The pilot implementation of the LTCI policy is important for the current reform of China’s aged care system [17, 18]. In this prospective observational cohort study from an LTC institution, we revealed that LTCI significantly improved the longevity of older disabled people in China (P = 0.003, OR = 1.438, 95% CI 1.131–1.831) and their health profile by reducing the incidence of hospital-acquired pneumonia (P = 0.016, HR 0.622, 95% CI 0.422–0.917) and pressure ulcers (P = 0.008, HR 0.695, 95% CI 0.376–0.862).
Consistent with previous studies in Britain [19], South Korea [20], Japan [21], and a recent study from Qingdao [10], the LTCI policy was associated with lower mortality risk among care beneficiaries. The study in Qingdao [10] showed that it lowered the one-year mortality risk by 15% among older adults with a baseline need for care. In our study, LTCI coverage improved one-year survival by approximately 20% in older patients with severe disabilities in an LTC institution.

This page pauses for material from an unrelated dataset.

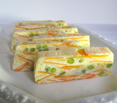In einem der legendären Viva-Heften der Zeitschrift "Brigitte", die ich seinerzeit nur wegen dieser Rezepte-Beilagen gekauft hatte, stieß ich wieder auf jene Gemüseterrine, die ich schon einmal vor Jahren zubereitet hatte und die dann ganz ungerechtfertigt in Vergessenheit geriet. Es gibt halt so viele gute Sachen, die nur darauf warten, zubereitet zu werden!

Institutional care seems to have more technological advantages than home care regarding professional physicians, caregivers, and equipment, allowing older disabled people to live well with 24h support staff. Furthermore, our study found the prolonged survival effect of LTCI becomes more pronounced after a year, suggesting that improving the health value of LTCI is a stepwise process. Notably, further analysis observed that patients aged 60 to 79 years and CCI > 3 might benefit more from LTCI. This might be because the longer life expectancy of relatively younger patients and the high potential of serious multimorbidity could benefit more from LTCI.

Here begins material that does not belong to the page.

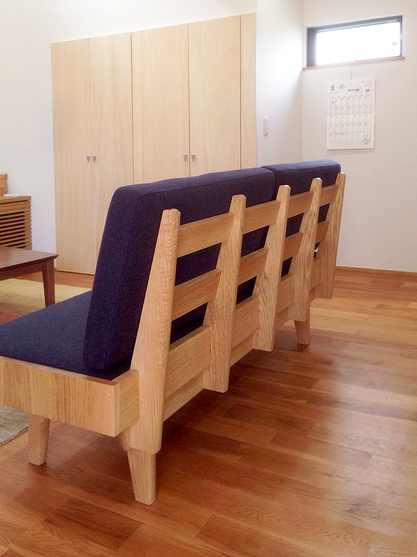 オーダーメイドのソファーです。 木材はオーク材です。 ファブリックは今回はネイビーで。 生地はいろいろな色から選べます。

In our study, LTCI reduced the incidence of hospital-acquired pneumonia and pressure ulcers, thus considerably lowering the disability-associated burden of disease. Previous studies indicated that disability is associated with a higher likelihood of developing pneumonia and infection-related mortality [22, 23, 24]. High-quality airway management is a fundamental and vital skill in the care of disabled patients [25]. Repeated episodes of pneumonia can be avoided by prevention of aspiration, timely sputum suction, suitable oral health care, gastroesophageal reflux management, and a head-up position during the night [26, 27, 28]. Pressure ulcers are frequent complications of disabled patients and are generally connected with poor prognosis [29, 30]. Therefore, their early risk assessment and management such as identification of malnutrition and nutritional supplementation, effective skincare (creams, dressings, and management of incontinence), various support surfaces, and regular turning strategies, are important for disabled people [29, 30, 31]. With the substitution effect of the LTCI policy, patients with institutional care could have obtained better disease management and individualized disability care plans, leading to an improved quality of life (QoL).

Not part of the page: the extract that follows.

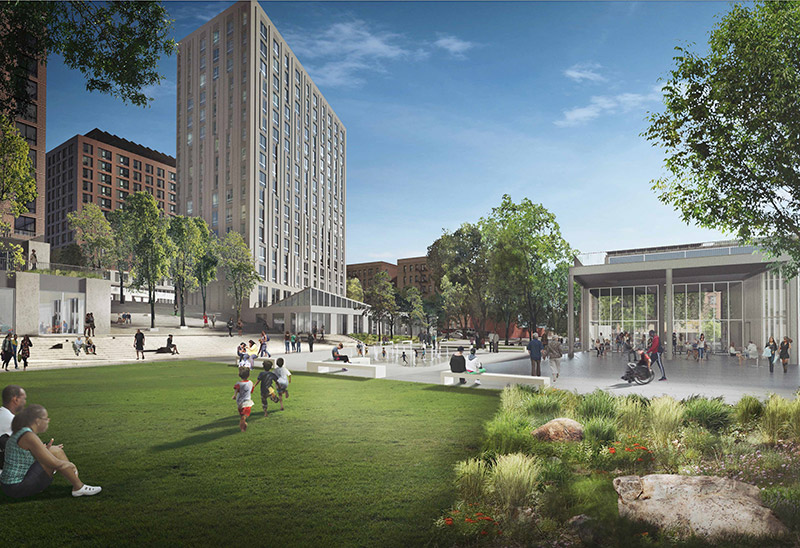 This phase consists of two mixed-income buildings, referred to as 2A & 2B, that will generate 359 apartments. The units are a mix of studios through four-bedroom apartments, with 73% of the units at or below 60% of area median income and 15% of the units set aside for households for the formerly homeless. The amenity package is slated to include a gym, in-building laundry, children’s playroom, tenant lounge space with access to outdoor terraces, common area and apartment Wi-Fi; and bicycle storage. The second phase will also include a 50,000-square-foot public open space plaza, a parking garage with 155 parking spaces, and 20,000 square feet of community facility space. The two buildings also have sustainable design elements that harvest rainwater, along with solar roof panels.

This is the study to demonstrate that LTC institutions played an important role in improving survival and lowering the disability-associated burden of disease for older disabled patients in China. Their construction benefits from China's policy of yi-yang-jie-he, which involves the combination of medical and older service resources. The Eighth People's Hospital of Chengdu is a typical yi-yang-jie-he institution, a combination of geriatric specialist hospital and LTC institution, providing acute treatment and multimorbidity management as well as LTC services and caregivers training. Nonetheless, LTC institutions worldwide have been hit by COVID-19, showing high rates of infection and mortality [32]. Simultaneously, LTC in China faced a shortage of trained professional caregivers, specifically for home care [3, 4]. In response to this challenge, Chengdu encouraged new forms of home care whereby professionals from LTC institutions visit older people at home. By integrating professional institutional and traditional family-centered care, LTC institutions may confer more technological advantages and become better incorporated into home and community-based services, which is worth further exploration.
This study has some limitations. First, this was a single-center study with a sample size of 935 patients. Further studies with larger sample sizes are required to validate the effect of China’s LTCI. Second, the study did not explore the impact of LTCI policy on the financial burden of families and health-related expenditures.